We are at a loss to understand how,
if the rolls have 200, 300 or 400 tickets, 500 tickets could have been stolen
from a single and relatively new roll of tickets.
The
State argues that the trial court properly relied upon the criminal complaint
for the information that 796 tickets were stolen. The State’s position is that although the statement in the
complaint is hearsay, at a restitution hearing the court is not bound by the
rules of evidence in accepting such evidence as reliable.[2] However, this argument ignores two glaring
discrepancies between Goss’s testimony and the statements in the criminal
complaint. First, Goss testified that
the tickets were taken from a single roll; the complaint states that tickets
from six different rolls were taken.
Second, Goss advised the court that neither he nor his partner kept an
inventory of the tickets sold; the complaint lists specific sequences of serial
numbers of the stolen tickets indicating that a detailed inventory had been
kept.[3]
We
are satisfied that Goss failed to carry his minimal burden of proof because the
evidence he presented could not convince a finder of fact of the truth of his
contention that he suffered a loss of $500.
The trial court’s decision demonstrates on its face the lack of
consideration of any evidence on which the decision should have been properly
based; therefore, it constitutes a misuse of discretion and, accordingly, we
reverse. See Schmid v. Olsen,
107 Wis.2d 289, 295, 320 N.W.2d 18, 22 (Ct. App. 1982). We reverse the part of the restitution order
assessing a $500 loss for stolen lottery tickets.
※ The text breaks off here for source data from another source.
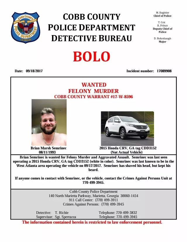 大公文匯全媒體綜合報道:9月18日,一名中國年輕女性被發現在美國佐治亞州科伯郡一處公寓內遇害身亡。當地時間9月25日下午,嫌犯森里內克(Brian Marsh Semrinec)被警方逮捕。
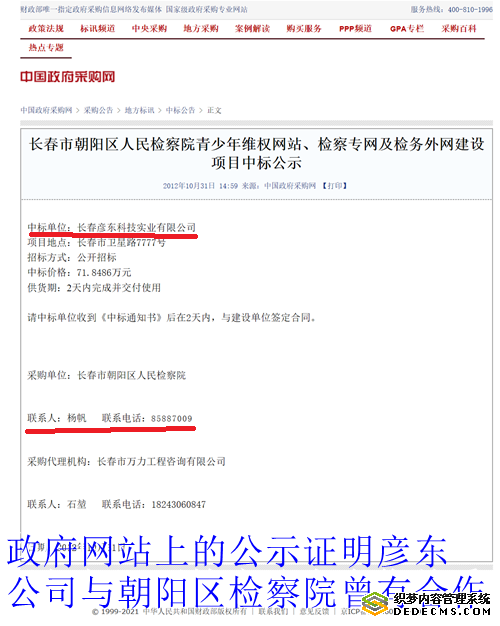 被害企业老板们说:合同上加盖了检察院公章和检察长的法人章后,他们还是不放心,又到政府网站上查询一番。在中国政府采购网上,他们查询到了“长春市朝阳区检察院计算机设备采购项目公开招标公告”。这份公告明确证明:朝阳区检察院的设备采购负责人就是杨帆!他们还查询到,长春盛鼎科技有限公司(简称盛鼎公司)和彦东公司就是该院设备采购招标的中标单位!
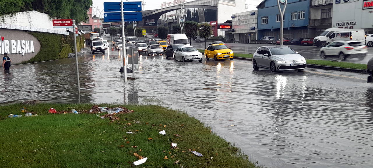 Sakarya'da öğle saatlerinde sağanak etkili oldu. Yağış sonrası bazı yollar suyla kaplandı.
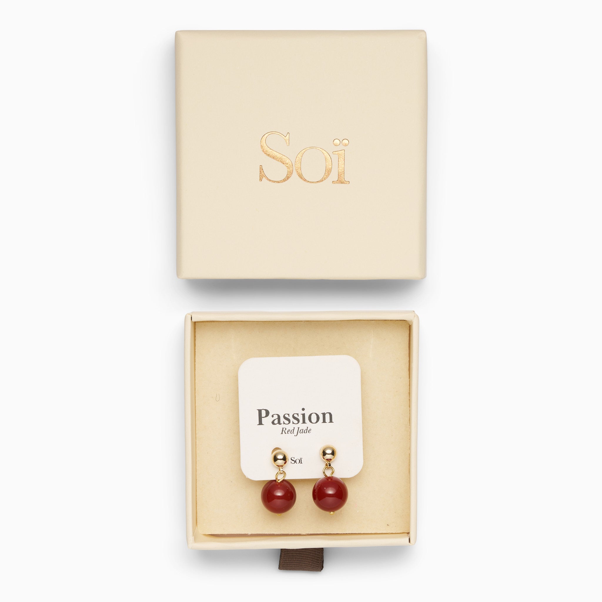 The intense red jade symbolizes strength and vitality. Crafted with care and precision, the earrings are more than just a piece of jewelry; they are an expression of natural beauty and positive power.
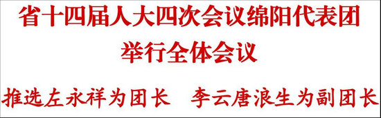 綿陽新聞網(wǎng)訊成都專電 1月19日,省十四屆人大四次會(huì)議綿陽代表團(tuán)在駐地舉行全體會(huì)議,推選副省長、市委書記左永祥為綿陽代表團(tuán)團(tuán)長,市委副書記、市長李云和市人大常委會(huì)主任唐浪生為副團(tuán)長。
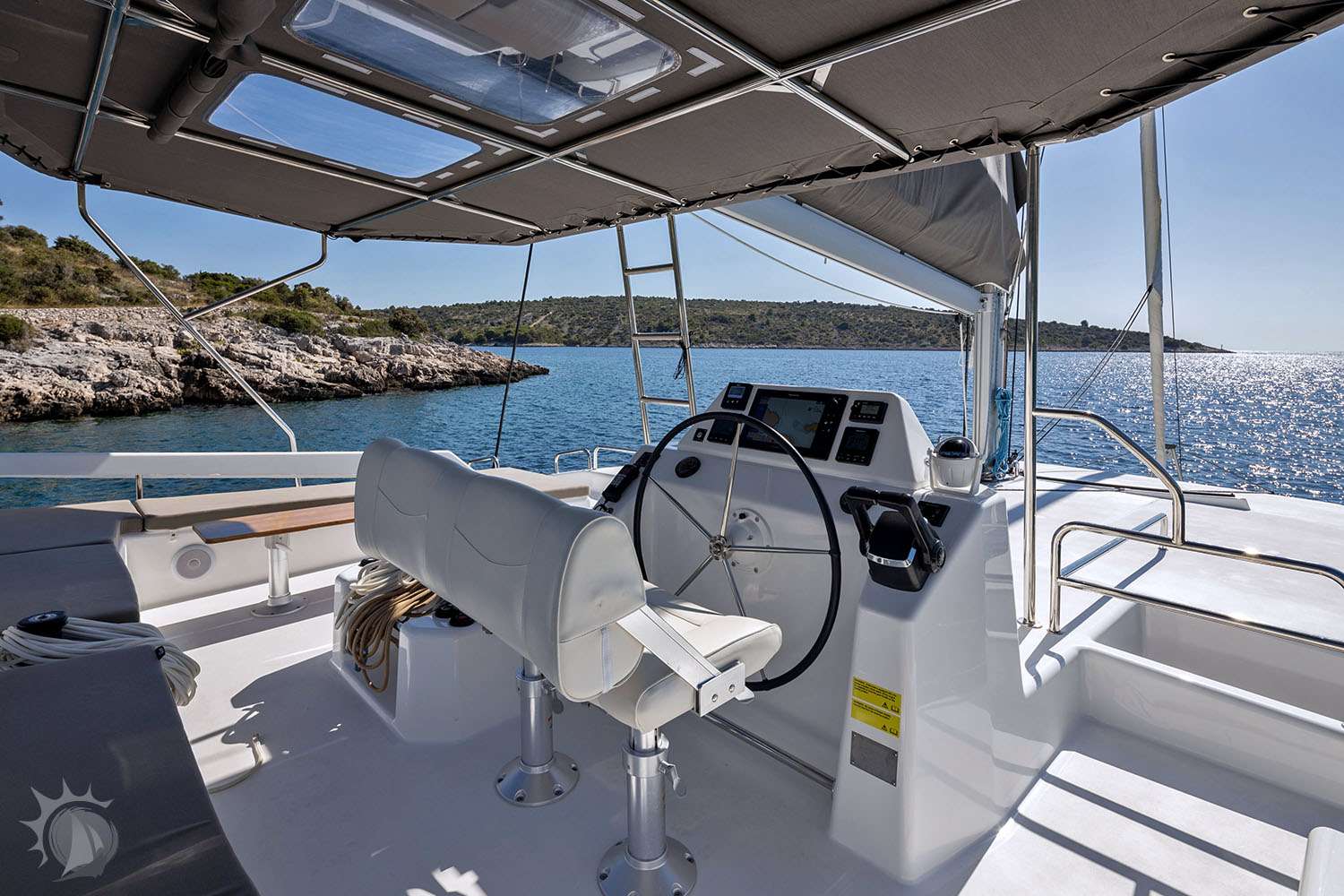 Step aboard the 2023 48-foot Dufour Catamaran, thoughtfully designed to host up to eight guests in four queen cabins. Its perfectly balanced layout—dividing the deck plan, cockpit, flybridge, and foredeck into equal thirds—creates a harmonious flow between indoor and outdoor living in every season. At the bow, two expansive sunbathing areas offer prime spots for soaking up warm rays and gentle sea breezes. Ascend twin stairways to the generous flybridge, where a low central table is surrounded by plush seating and broad sunpads beneath a protective bimini—an idyllic perch for panoramic views or relaxed afternoons at sea. Aft, the cockpit unfolds like an open-air living room, featuring a teak dining table for eight, multiple seating and relaxation zones, and a built-in gas plancha for effortless alfresco dining. Large portholes flood the lower salon with natural light, and a sliding window door opens fully to merge cockpit and indoor lounge into one seamless entertainment space. Inside, the open-plan salon invites convivial gatherings beneath a 360° sea-facing panorama, while the fully equipped, ergonomic galley flows naturally towards the cockpit. A versatile sofa-dining unit adapts from cozy lounge to elegant table or even an extra double berth, and wide wraparound windows bathe the interior in warm daylight. Below decks, four queen cabins each enjoy private dual-entry access from port and starboard, ensuring maximum guest privacy. Every stateroom boasts its own ensuite with separate shower, generous storage, and thoughtfully placed portlights for excellent ventilation and brightness—creating serene retreats for restorative nights at sea.

We remand to the trial court with directions to issue a new
restitution order that does not include any amount for stolen lottery tickets.
By
the Court.—Judgment and order
reversed and cause remanded with directions.
Not
recommended for publication in the official reports.
[1] The total
restitution order was for $1132.50.
Johnson does not contest $632.50 in restitution for broken windows,
damaged felt on the pool table, clean up, boarding of windows, damaged light
fixtures and missing alcoholic beverages.
[2] We note that
aside from limited exceptions, small claims actions are not governed by the
common law or statutory rules of evidence.
Section 799.209(2), Stats. However, the finder of fact in a small
claims action cannot make essential findings of fact based solely on oral
hearsay. See Scholten
Pattern Works, Inc. v. Roadway Express, Inc., 152 Wis.2d 253, 258, 448
N.W.2d 670, 672 (Ct. App. 1989).
[3] For example,
Goss testified that the beginning serial number of a roll of tickets would be
zero and the numbers would be sequential for how many tickets were on the roll;
in the complaint, it is alleged that for a lottery game called Five Card
Stud, tickets with the serial numbers between 250 and 381 were stolen. The only inference from this example is that
an inventory had to have been taken in order to determine that tickets with
serial numbers 0 to 249 were not stolen.